RKD on PAN Podium

Information

Date and time
Sunday 24 November 2024
13:00 till 13:45
Location
RAI Amsterdam
Language
Dutch
Price
Entrance to PAN Amsterdam is €26,-
pan-podium-header

From November 24 to December 1, 2024, the 37th edition of the art, design and antiques fair PAN Amsterdam will take place in the RAI Amsterdam. The RKD will take part in the PAN Podium program on Sunday 24 November.

PAN Podium

During PAN Amsterdam, 125 art dealers, antique dealers and gallery owners are showing their best pieces in the fields of art, antiques and design. PAN Podium offers visitors to PAN Amsterdam a varied program full of inspiring talks and interactive presentations.

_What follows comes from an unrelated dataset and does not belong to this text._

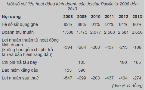 Theo báo cáo về kinh doanh 5 năm trước cổ phần hóa của Vietnam Airlines, dù lỗ kéo dài nhưng tỷ suất sinh lời trên tài sản ROA của Jetstar Pacific tăng dần từ -87% lên -67%. Lợi nhuận sau thuế năm 2013 là âm 274 tỷ đồng, so với con số 437 tỷ đồng hai năm trước đó. Trong hai năm 2012 và 2013, Jetstar tốn nhiều chi phí cho việc trả máy bay khi hãng cơ cấu lại đội tàu bay, chuyển sang dùng một loại duy nhất là A320. Sau 2013, dự kiến số lỗ nói trên sẽ còn giảm mạnh vì hãng không còn tốn chi phí cho hoạt động này.
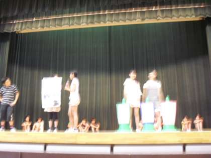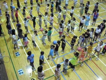 たてわり班対抗ボール送りゲームで競争(写真上)夏休みプールの諸注意のお知らせ(写真下)

This year the programming each day will focus on a different theme.

Collectors, art dealers and widows

On Sunday, November 24, PAN Podium is devoted to Herstory. Evelien de Visser, curator at the RKD, has been asked to give a lecture on the research she did on women in the Dutch art market between 1860 and 1930. Everyone has heard of women collectors such as Peggy Guggenheim, Isabella Steward Gardner and Helene Kröller-Müller. They established their own museums for the collections they gathered. But there were more women who collected. They usually did so on a smaller scale than Kröller-Müller, and their collections were more often dispersed after their deaths than ending up in museums.

In addition to being collectors, women were also active in the art market as sellers. Widows of artists sold off the remaining paintings from their husbands' studios. A few traded in art and set up their own business. Evelien de Visser's talk, which shares results from new research, focuses on them. Who were these women? Why wasn't attention paid to them before? Can they serve as inspiration for current collectors and dealers? Evelien de Visser's talk Collectors, art dealers and widows: Women in the Dutch art market between 1860 and 1930 begins at 13:00.

Horizontale streep

Evelien de Visser

Evelien de Visser is curator of nineteenth-century art at the RKD. She specialises in the art trade and collecting history in the Netherlands during the long nineteenth century. In 2022, she was awarded a NWO Museum Grant for her research on women art dealers and collectors from the Netherlands. Supported by the Cultuurfonds, Vereniging Rembrandt from its Kroese-Duijsters fund and Wilhelmina Drucker Fundatie, this research has been continued in the project Women collectors in art.